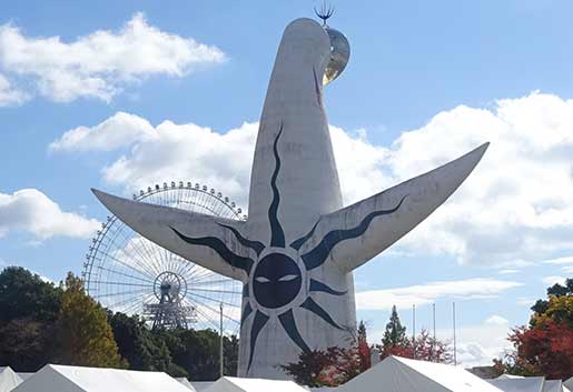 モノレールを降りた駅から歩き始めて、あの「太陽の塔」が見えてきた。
...
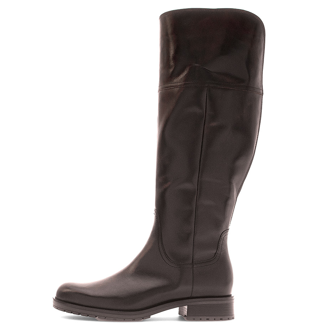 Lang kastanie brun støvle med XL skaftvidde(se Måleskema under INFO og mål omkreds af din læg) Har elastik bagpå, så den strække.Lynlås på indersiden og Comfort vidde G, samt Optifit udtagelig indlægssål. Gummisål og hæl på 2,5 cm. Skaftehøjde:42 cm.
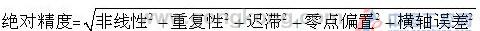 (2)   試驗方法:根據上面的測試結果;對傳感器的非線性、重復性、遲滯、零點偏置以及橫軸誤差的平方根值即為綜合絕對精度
...
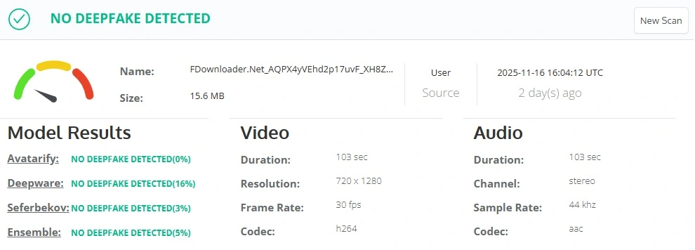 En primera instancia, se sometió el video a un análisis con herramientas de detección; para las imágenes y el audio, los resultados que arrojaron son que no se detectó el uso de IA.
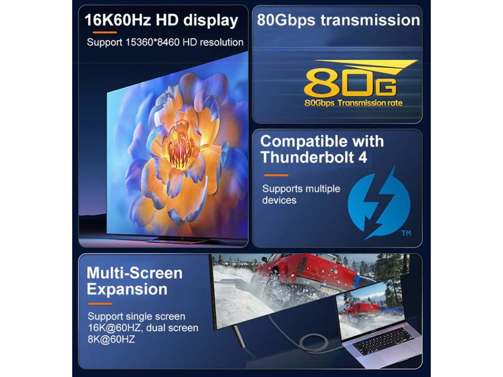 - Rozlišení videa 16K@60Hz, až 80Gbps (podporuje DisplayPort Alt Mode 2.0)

* [YOUR ASSIGNMENT] Starting at the line containing "Lang kastanie brun" and stopping at the line containing "(2)   試驗方法:根據上", output each line exactly as it appears above. Leave out the pictures.

* [WRITTEN ANSWER]
 Lang kastanie brun støvle med XL skaftvidde(se Måleskema under INFO og mål omkreds af din læg) Har elastik bagpå, så den strække.Lynlås på indersiden og Comfort vidde G, samt Optifit udtagelig indlægssål. Gummisål og hæl på 2,5 cm. Skaftehøjde:42 cm.
 (2)   試驗方法:根據上面的測試結果;對傳感器的非線性、重復性、遲滯、零點偏置以及橫軸誤差的平方根值即為綜合絕對精度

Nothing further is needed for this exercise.